Clinical Trials That Include Genomic Biomarkers Should Pave the Way for Precision Medicine
The healthcare landscape is shifting from ‘one-drug-treats-all’ to a paradigm focused on personalized medicine. Increasingly, clinicians are tailoring treatments to a patient’s specific genetic mutations. While the number of precision therapies targeting these mutations has grown, only recently have costs dropped to a low enough level that physicians can sequence an individual’s genomic profile and identify his or her mutations. Empowered by the cost declines of next generation DNA sequencing (NGS), diagnostic providers such as Veracyte (VCYT), Exact Sciences (EXAS), and Guardant Health (GH) are advancing personalized medicine by matching patients to precision therapies. ARK believes that therapeutics companies increasingly will use NGS in clinical trials, creating targeted therapies that ultimately will supplant traditional chemotherapies.
On average, humans inherit five million small genetic mutations called single nucleotide polymorphisms (SNPs). While most SNPs are benign, others can disrupt important biological processes. The gene TP53, for example, encodes a protein that first surveys the body for damaged cells that might trigger cancer and then decides whether to repair or destroy them. NGS can surface harmful SNPs in a patient’s TP53 gene, giving oncologists the opportunity to choose more effective therapeutic strategies. TP53 is just one of many genomic ‘biomarkers’, or genetic targets that call for precision therapies. Oncology accounts for the majority of genomic biomarkers tied to FDA-approved targeted therapies today, as shown below.

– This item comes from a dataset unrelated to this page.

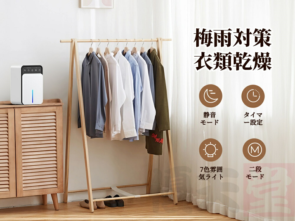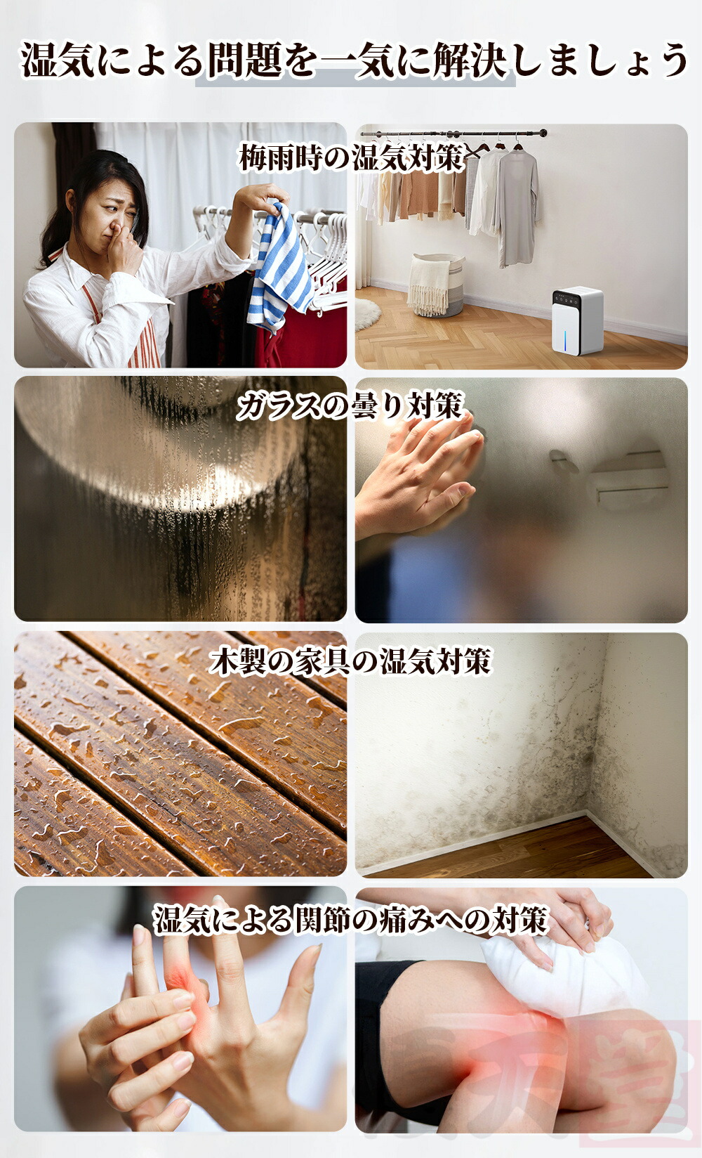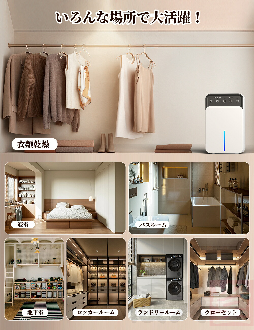 この衣類乾燥除湿機はA4サイズのようなコンパクトなサイズで、寝室、クローゼット、洗面所、オフィス、地下室、トイレ、靴箱などの換気の悪い場所に最適です。収納時にも邪魔になりません。木製家具や壁のカビ、ガラスの曇り、湿った服の嫌な臭いなど、さまざまな問題を予防します。その他にも、除湿機には「自動解凍機能」が備わっており、起動時には自動的に結露を取り除きます。夏や雨の季節には衣類を乾燥させたり、冬の間に室内で洗濯物を乾かすためにも非常に効果的です。優れた除湿能力により、一年中快適な室内環境を実現できます!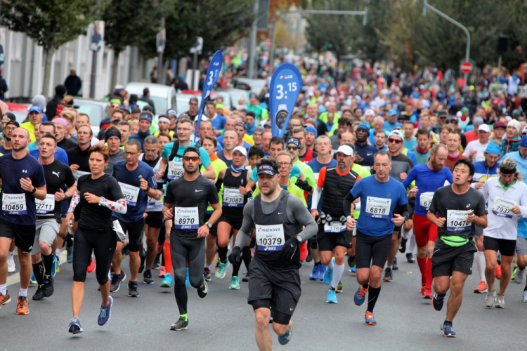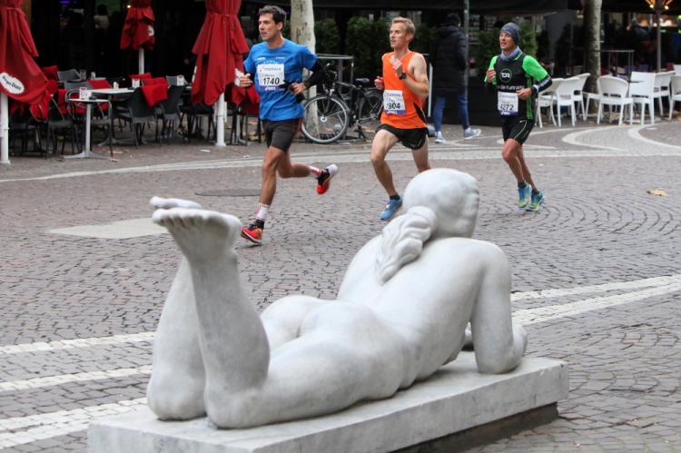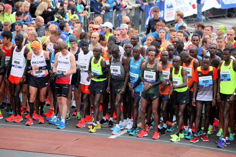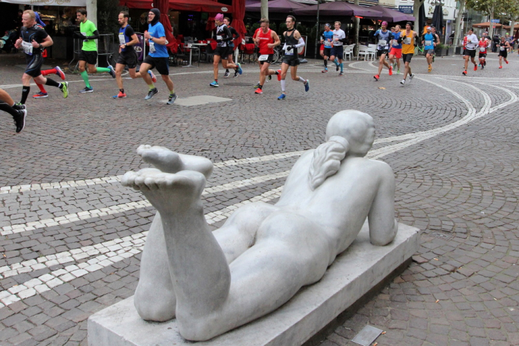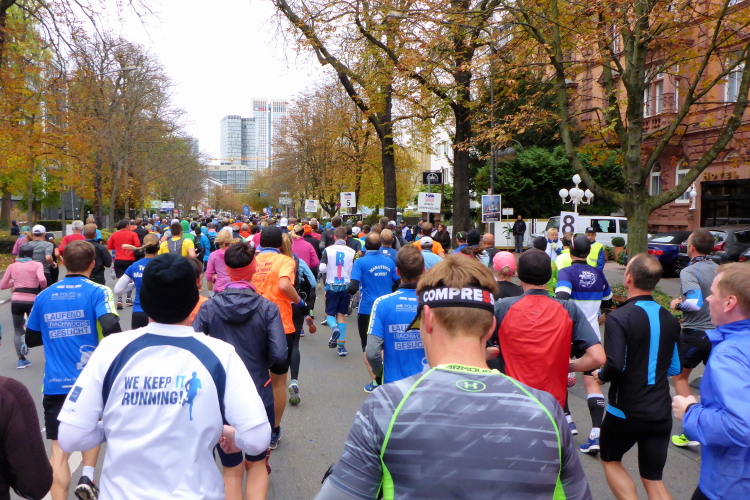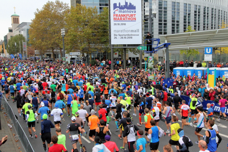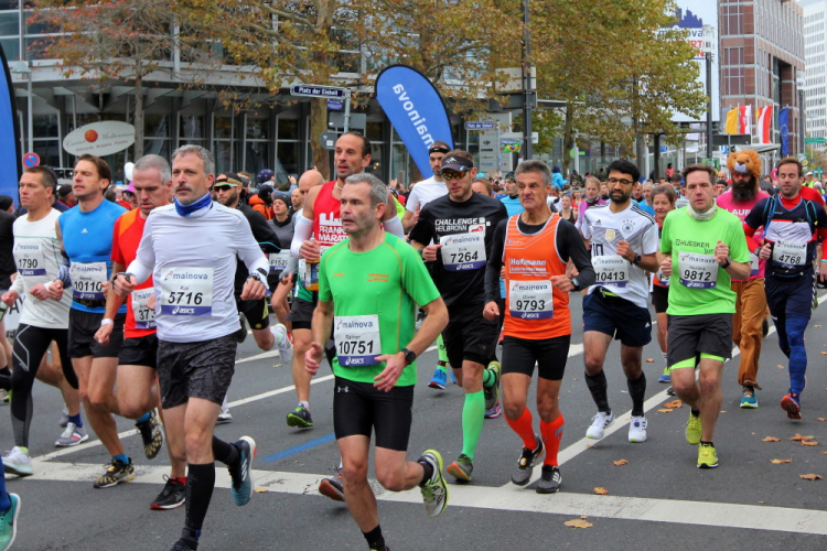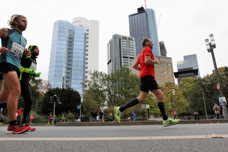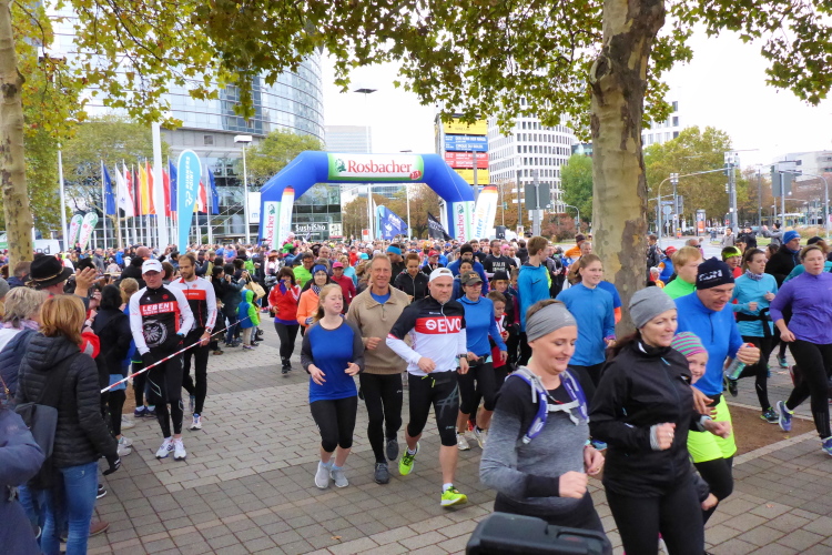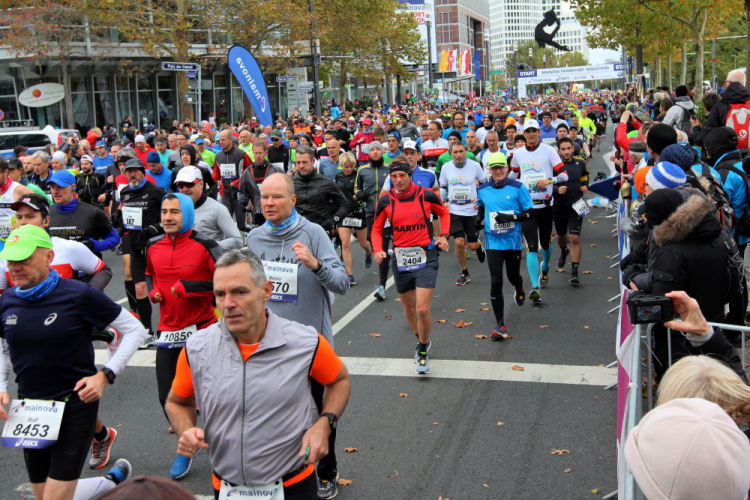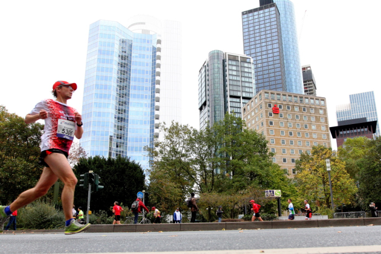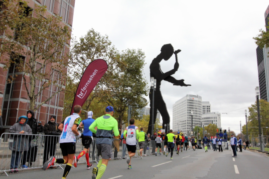 Auf der Bockenheimer Landstraße wurden die Wasserbecher heute Morgen in Etagen beidseitig der Laufstrecke gestapelt, jetzt müssen die Helfer reichlich nachschenken. Wir kommen zum ersten Mal an der Alten Oper vorbei. Als 1880 Wilhelm I. die Alte Oper eröffnete, seufzte er: „So etwas könnte ich mir in Berlin nicht leisten!“ Ich leiste mir einen schnellen Lauf, Probleme mit dem kalten Wind haben nur die Afrikaner im Spitzenfeld.

Some mutations are not inherited and can appear spontaneously, giving rise to aggressive cells that coalesce into tumors. In the case of spontaneous variants, cancer patients are matched to targeted therapies with a lock-and-key system. First, using molecular diagnostic tests, oncologists search for the mutation—the lock—that is driving tumor growth. Then, diagnostic vendors introduce the molecular information to a genomic biomarker database and search for the best treatment—the key. Importantly, as the data on clinical outcomes feeds back into the system, the accuracy of the algorithms that match patients to therapies increases continuously.
The combination of NGS and therapy-matching also seems to be benefiting therapeutics companies working on targeted treatments. By either partnering with diagnostic vendors or bringing sequencing capabilities in-house, drug makers leverage NGS to find patients and enroll them in clinical trials. Genomic biomarker data offers therapeutics firms an information advantage that can translate not only into more capital-efficient clinical trial designs, but also into shorter trials and lower drug failure rates. Thanks to these efficiencies, trials that include genomic biomarkers are capturing share, as shown below.
As our understanding of tumor biology increases, ARK believes that the list of genomic biomarkers should grow dramatically. Soon, the majority of oncology trials may include genomic biomarkers, causing a boom in the number of targeted therapeutics. Lung cancer trials seem to be leading the way, as shown below. In turn, targeted therapies should cause NGS diagnostic panels to become more actionable, increasing both their cost-efficiency and the probability that public and private payers will reimburse them. They also should be a boon to algorithms that match biomarkers to therapies, increasing their effectiveness and mitigating their side effects. In our view, the convergence of innovation platforms—NGS and artificial intelligence—is the forcing function that will turbocharge genetic medicine and transform personalized medicine from a dream into reality.